UbuntuUbuntu Based

How To Install Apache Hadoop on Ubuntu 24.04 LTS

Install Apache Hadoop on Ubuntu 24.04

Apache Hadoop has revolutionized the way we handle big data, offering a robust framework for distributed storage and processing of large datasets. Whether you’re a data scientist, software engineer, or IT professional, understanding how to install and configure Hadoop is an essential skill in today’s data-driven world. This guide will walk you through the process of installing Apache Hadoop on Ubuntu 24.04, providing detailed instructions, troubleshooting tips, and best practices to ensure a smooth setup.

Introduction

Hadoop’s ability to process vast amounts of data across clusters of computers has made it a cornerstone technology for businesses and organizations dealing with big data analytics. By following this guide, you’ll be able to set up a single-node Hadoop cluster on your Ubuntu 24.04 system, laying the foundation for more complex distributed computing tasks.

Prerequisites

Before we dive into the installation process, ensure that your system meets the following requirements:

  • Ubuntu 24.04 LTS installed and updated
  • Root or sudo access to the system
  • A minimum of 4GB RAM (8GB or more recommended)
  • At least 10GB of free disk space
  • A stable internet connection

Update and Upgrade Ubuntu System

Start by updating your Ubuntu system to ensure you have the latest packages and security updates. Open a terminal and run the following commands:

sudo apt update
sudo apt upgrade -y

This process may take a few minutes, depending on your internet speed and the number of updates available.

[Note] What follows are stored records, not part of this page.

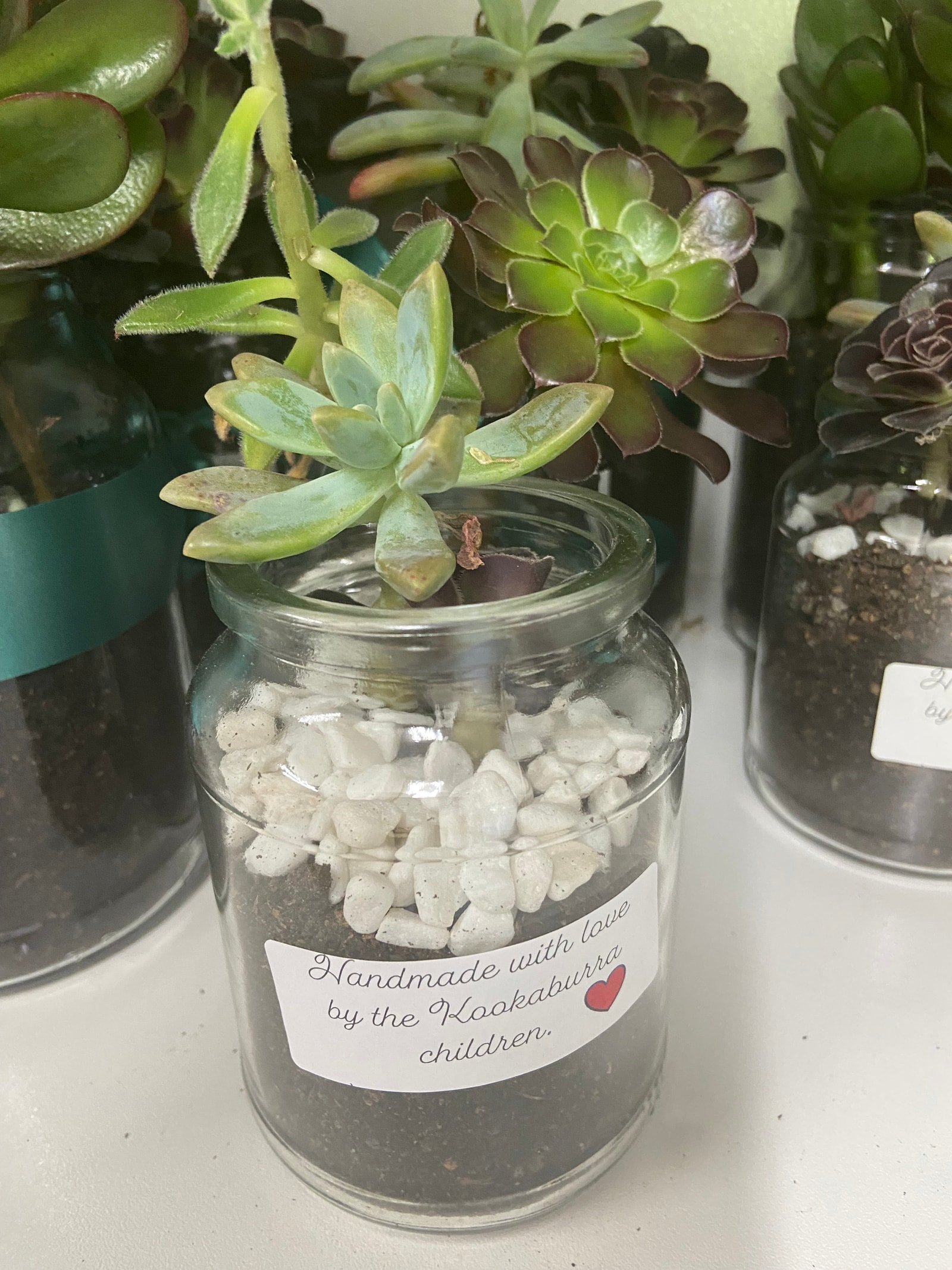 Each year towards the end of Term 4 our Kindergarten class hold a Kindy stall where each class contributes a variety of items they have created in their class for sale to raise money for the Kmart wishing tree. Items for sale this year included bees wax wraps, succulents, Christmas decorations, infused oil (from our garden), fudge, cookies & muffins. This year we were very fortunate to have two beautiful artworks donated by one of our very talented staff members and her friend which added to our fundraising efforts via a highly contested silent auction.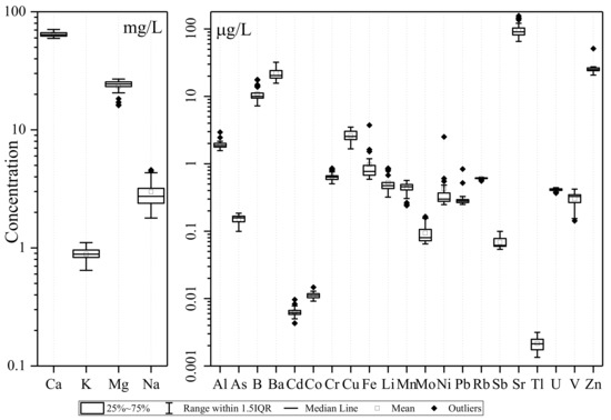 - Zuliani, T.; Kanduč, T.; Novak, R.; Vreča, P. Characterization of Bottled Waters by Multielemental Analysis, Stable and Radiogenic Isotopes. Water 2020, 12, 2454. [Google Scholar] [CrossRef]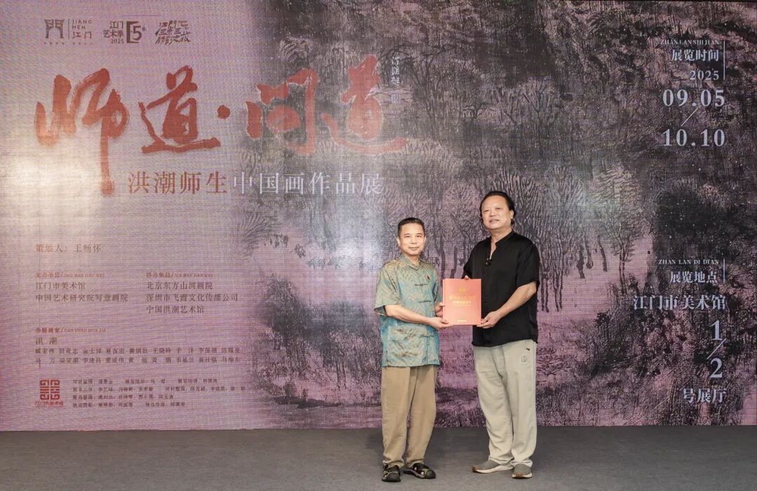 洪潮先生慷慨地将他的国画作品《心清无杂尘》、书法作品《师道问道》无偿捐赠给江门市美术馆永久收藏。江门市美术馆馆长王畅怀作为代表接受作品捐赠并向洪潮先生颁发收藏证书。
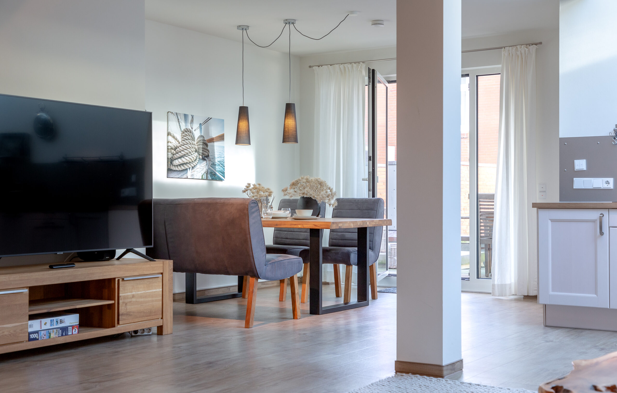 Heller, großzügiger Wohnraum mit Essecke und Loungebereich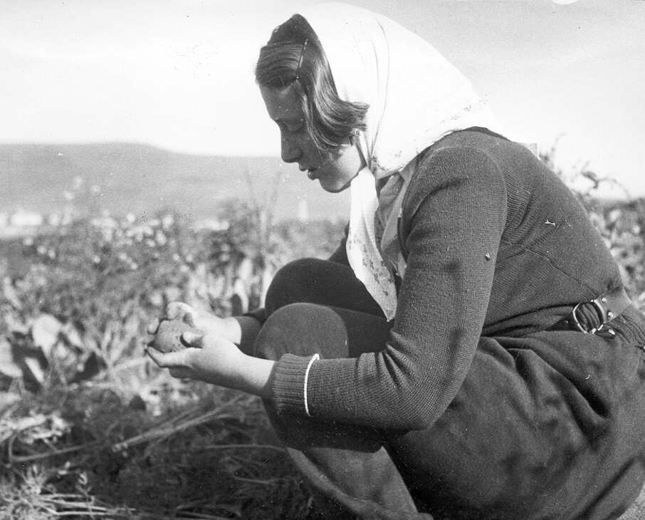 איסוף גזר ע"י נערה, שעלתה מגרמניה, דגניה, 1935. צלם: גל-עזר,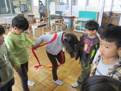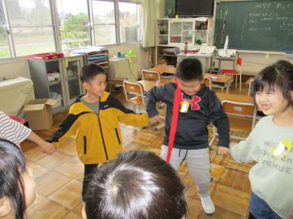 11月17日 みんなで「わ」くぐり 公開日 2023/11/17 更新日 2023/11/17 1年生 全員で円になって手をつなぎ、フラフープやたすきを使って手を離さないようにしながら輪くぐりをしました。「ひっかかると動きがおもしろくなって楽しかった」「うまく通るように手伝ってもらえてうれしかった」「たすきのほうが難しかったけれど、難しいほうが楽しかった」「うまく通るように助けられてよかった」と、感想をたくさん話すことができました。

Install Java Development Kit (JDK)

Hadoop requires Java to run, so we’ll need to install the Java Development Kit. While Hadoop is compatible with various Java versions, we’ll use OpenJDK 11 for this installation.

sudo apt install openjdk-11-jdk -y

After the installation completes, verify the Java version:

java -version

You should see output similar to this:

openjdk version "11.0.11" 2021-04-20
OpenJDK Runtime Environment (build 11.0.11+9-Ubuntu-0ubuntu2.24.04)
OpenJDK 64-Bit Server VM (build 11.0.11+9-Ubuntu-0ubuntu2.24.04, mixed mode, sharing)

Next, set the JAVA_HOME environment variable:

echo "export JAVA_HOME=$(readlink -f /usr/bin/java | sed "s:bin/java::")" | sudo tee -a /etc/profile
source /etc/profile

Verify that JAVA_HOME is set correctly:

echo $JAVA_HOME

Create a Hadoop User

It’s a good practice to create a dedicated user for Hadoop operations. This enhances security and simplifies management.

sudo adduser hadoop
sudo usermod -aG sudo hadoop

Switch to the new hadoop user:

su - hadoop

Configure SSH

Hadoop requires SSH access to manage its nodes. We’ll set up passwordless SSH for the hadoop user:

ssh-keygen -t rsa -P ""
cat ~/.ssh/id_rsa.pub >> ~/.ssh/authorized_keys
chmod 0600 ~/.ssh/authorized_keys

Test the SSH setup:

ssh localhost

If successful, you’ll be logged in without being prompted for a password. Type ‘exit’ to return to your original session.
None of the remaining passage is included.